Una collina, poco meno grande e alta di quella che aveva come cima la Cornucopia e il rifugio dei Favoriti si ergeva in mezzo ad una città fantasma, fatta di casette piccole e semplici, di strade battute e di desolazione. E sopra di essa... vi era quello che aveva tutta l’aria di assomigliare ad un tempio.
William era alle porte della città... nervoso... teso... pronto a tutto. Quella non era un’Arena come tutte le altre. Infatti, superato il campo coltivato, diretto a quella meravigliosa e strana collina, fece uno spiacevole incontro. Un incontro non del tutto umano. Alla porta delle mura della città, altissime e imponenti vi erano due strane creature. Creature simili a grossi gatti pelosi e dai denti appuntiti. Due leoni. Alle porte di una città... due leoni... proprio due enormi, spaventosi e affamati leoni.
Alla vista di William, le bestie presero ad agitarsi come pazzi e a tirare fuori gli artigli e i denti, ruggendo forte, costringendo il ragazzo a trovare un’altra via. Le catene che li tenevano ancorati alle alte mura di pietra cingevano il loro collo, bloccandogli anche la respirazione e rendendoli solo più nervosi.
- Cosa diavolo ci fanno due leoni qui! Porco... - imprecò William allontanandosi dai felini.
In compenso, Markus, che non era entrato in città per i campi coltivati aveva evitato quell’incontro ravvicinato coi leoni. Si aggirava per la città, con l’arma nella mano e promesse di vendetta per la testa. Ma la sua attenzione, invece di essere proiettata sulla strana agorà che si trovava davanti, fu catturata... ammaliato da uno strano pozzo, che sembrava chiamarlo...
Markus... Markus... Markus... Markus...
Dolci... soavi... limpide... sensuali voci...
Il pozzo era abbastanza profondo.
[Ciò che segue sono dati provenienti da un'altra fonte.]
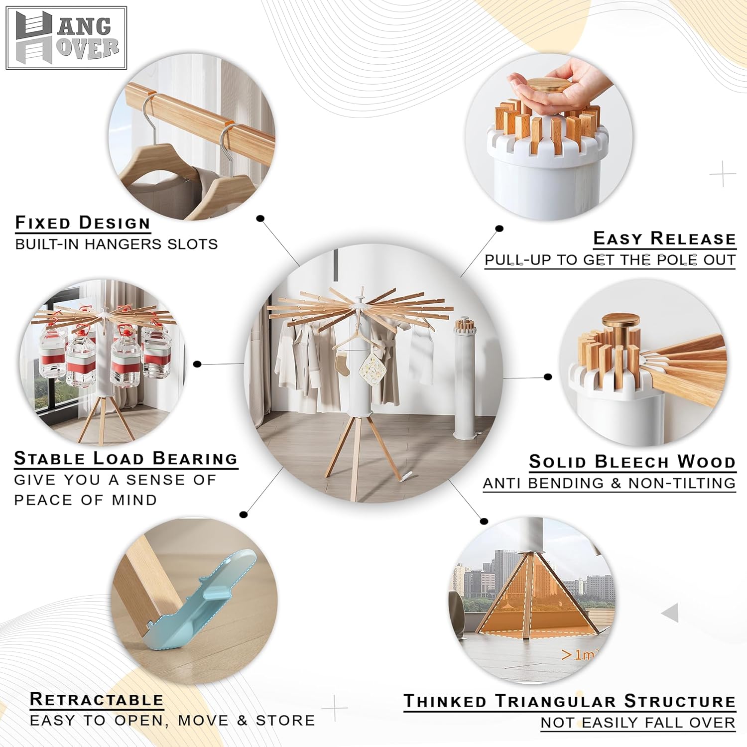 - π 360-DEGREE ROTATION >>> Use HangHover Tripod clothing rack to air dry your clothes, towels, socks & underwear without stress and save expensive energy. Its drying arms turn 360 degrees effortlessly even when fully loaded with wet washing.

Provò a tirarci giù un sasso e non lo sentì atterrare, né sull’acqua, né su altro.
Profondo... ma quelle voci dovevano pur avere un’origine...
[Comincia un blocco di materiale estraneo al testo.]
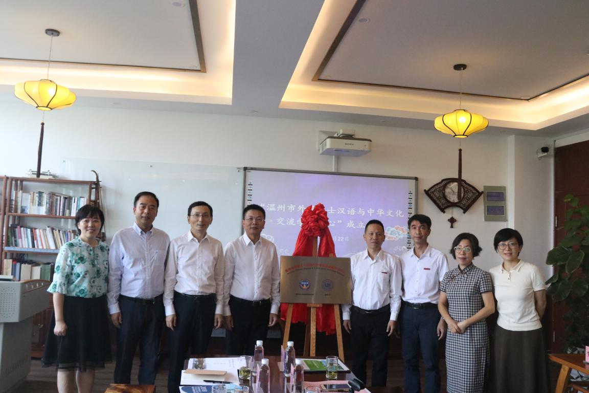 9月22日上午,温州市外办与古天乐代言太阳集团138共建“温州市外籍人士汉语与中华文化交流学习中心”揭牌仪式在公司举行。市外办主任雷文东、副主任周怀中、古天乐代言太阳集团138副董事长王舜、温州肯恩大学党委委员应永宏以及温大教师和职工代表出席仪式,雷文东主任和王舜副董事长共同为“温州市外籍人士汉语与中华文化交流学习中心”揭牌。

Per un attimo, gli sembrò, tra quella moltitudine di voci e richiami, di suoni e canzoni, di aver riconosciuto il tono di Alexandra. Ciò gli aveva fatto salire il sangue al cervello. Sorrise, calmo, affacciandosi alla sporgenza del posso, gridando. L’eco sembrò non cessare mai.
 
- Usciremo stanotte... senza ombra di dubbio - sussurrò Alexandra ad Eliza, una volta conclusa la discussione. E l’amica sembrava parecchio arrabbiata.
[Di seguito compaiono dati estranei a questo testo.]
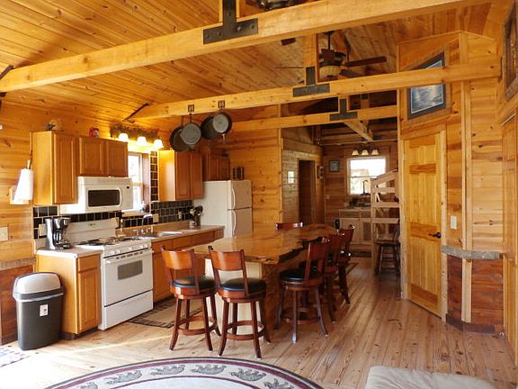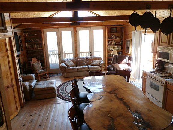 Wonderful mountain retreat, rustic comfortable and cozy. This home can be a vacation rental property when you are away. Large family, dining/kitchen area. 2 bedrooms on the main level with 2 bedrooms up. Lots of outdoor living space, decks, covered patio and large yard. 2 fire pits one being under shelter. Beautiful wood features inside including a solid wood slab island top. Nice views from property, very private. Many great and unique features. You will want to see this one. Septic permit for 3 bedroom house.
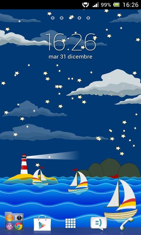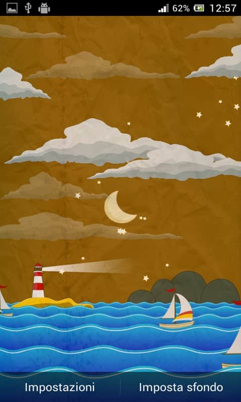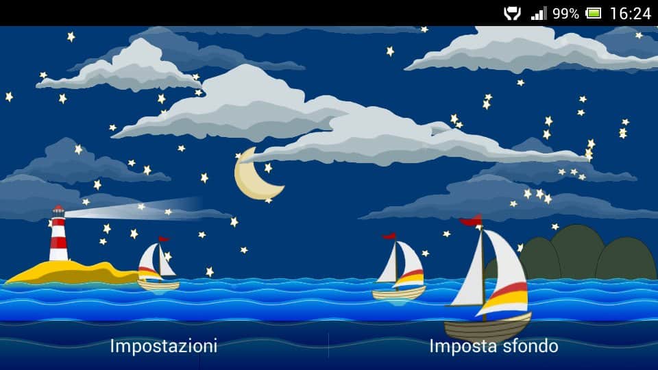 MyOcean HD – красивые живые обои, которые перенесут вас на море где вы будете наблюдать как парусник плывет по волнам. Любуйтесь красивыми закатами, плывущими облаками и неповторимо красивым звездным небом. Обои порадуют вас огромным количеством настроек, с помощью которых вы сможете менять тип и качество бумаги, количество звезд, сделать их мерцающими, добавить детали пейзажа, увеличить или уменьшит контрастность картинки, а также включить прозрачность моря. Сделайте свои живые обои уникальными и проявите всю свою фантазию, добиваясь непревзойденного результата картинки.

- Non mi importa... se qualcuno non è d’accordo viene lasciato indietro. Non possiamo rischiare tutti la nostra vita, per la salvaguardia di una sola. O si adatta o è finita - sospirò lei - Ho creato questo gruppo insieme a Mike... lui avrebbe voluto che rimanessimo uniti.
- E’ il cuore che lo spinge a parlare così. Così come il tuo cuore ti esorta a stare insieme a Jay - l’ammonì Alex, assumendo uno strano cipiglio e camminando cauta verso l’entrata della grotta - Anche io proteggerei la persona che occupa i miei pensieri.
- Jay non occupa i miei pensieri... non più di tanto, Alex! Parli in modo strano... Rose ti ha contagiata?
La ragazza rise all’affermazione dell’amica e la precedette, per poi affacciarsi insieme a lei, a scrutare la foresta.
- Io ti seguirò Eliza - rifletté solennemente.
- Grazie... lo faccio per proteggervi - le rispose - Non intendo venire infilzata da qualche Favorita.
- E anche Jay e Chloe non ci abbandoneranno...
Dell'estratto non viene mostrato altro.